***** Data under study *****

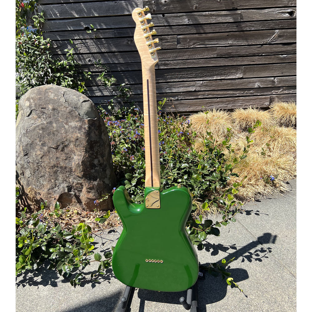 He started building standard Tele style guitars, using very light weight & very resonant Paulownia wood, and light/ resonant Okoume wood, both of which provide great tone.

*****
***** Data under study *****

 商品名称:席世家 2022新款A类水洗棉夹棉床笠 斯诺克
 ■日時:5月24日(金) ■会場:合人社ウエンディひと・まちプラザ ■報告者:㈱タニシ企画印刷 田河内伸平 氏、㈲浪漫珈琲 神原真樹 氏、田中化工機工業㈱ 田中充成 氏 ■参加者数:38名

*****
***** Data under study *****

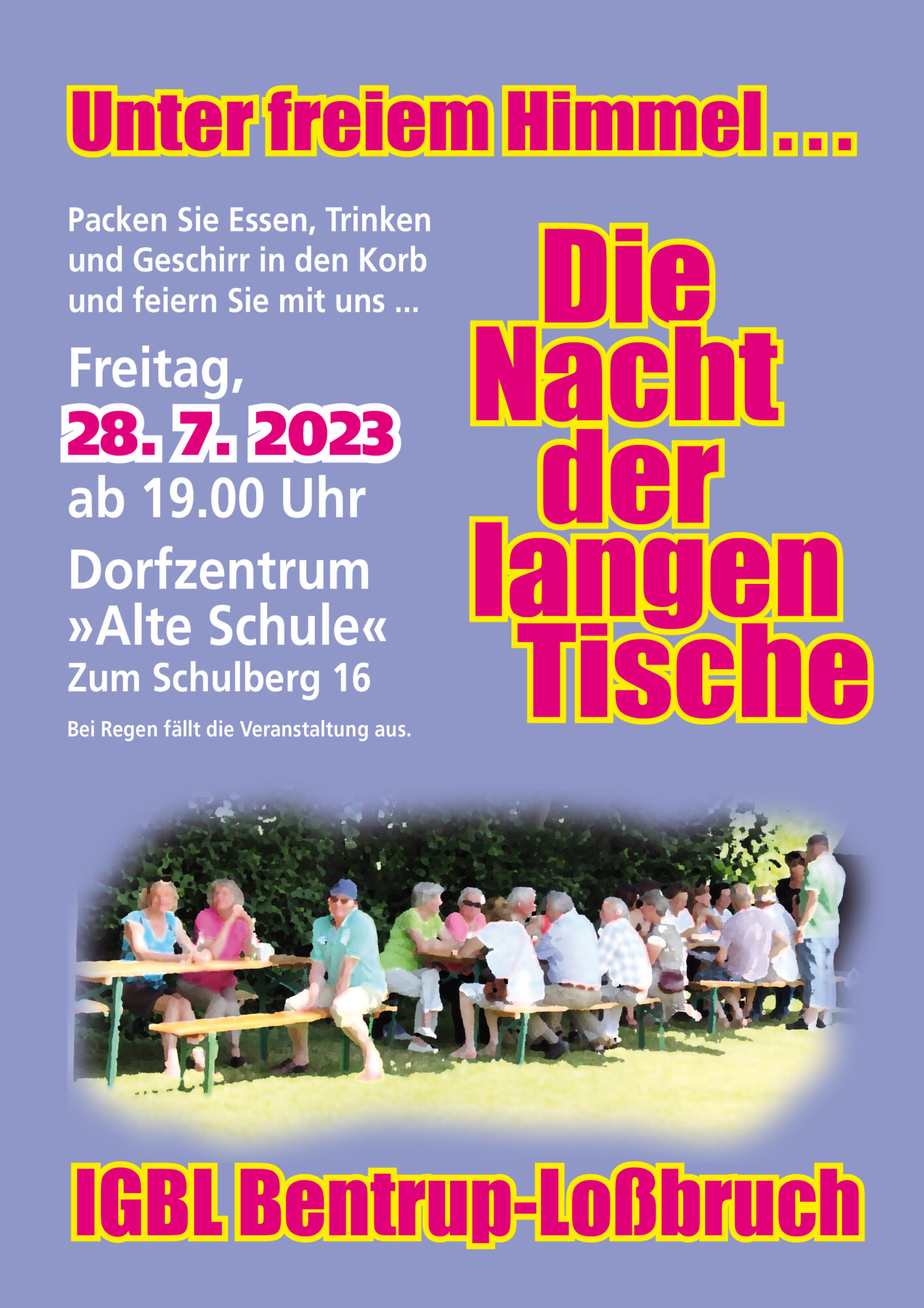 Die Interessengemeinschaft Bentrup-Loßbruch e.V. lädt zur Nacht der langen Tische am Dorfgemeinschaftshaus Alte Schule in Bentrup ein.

*****

◆ Your objective ◆
Copy, exactly and only, the lines above that begin with the one containing "商品名称:席世家 2022新款A类水洗棉夹棉床笠 斯诺克" and finish with the one containing "田中充成 氏 ■参加者数:38名".

◆ Exercise output ◆
 商品名称:席世家 2022新款A类水洗棉夹棉床笠 斯诺克
 ■日時:5月24日(金) ■会場:合人社ウエンディひと・まちプラザ ■報告者:㈱タニシ企画印刷 田河内伸平 氏、㈲浪漫珈琲 神原真樹 氏、田中化工機工業㈱ 田中充成 氏 ■参加者数:38名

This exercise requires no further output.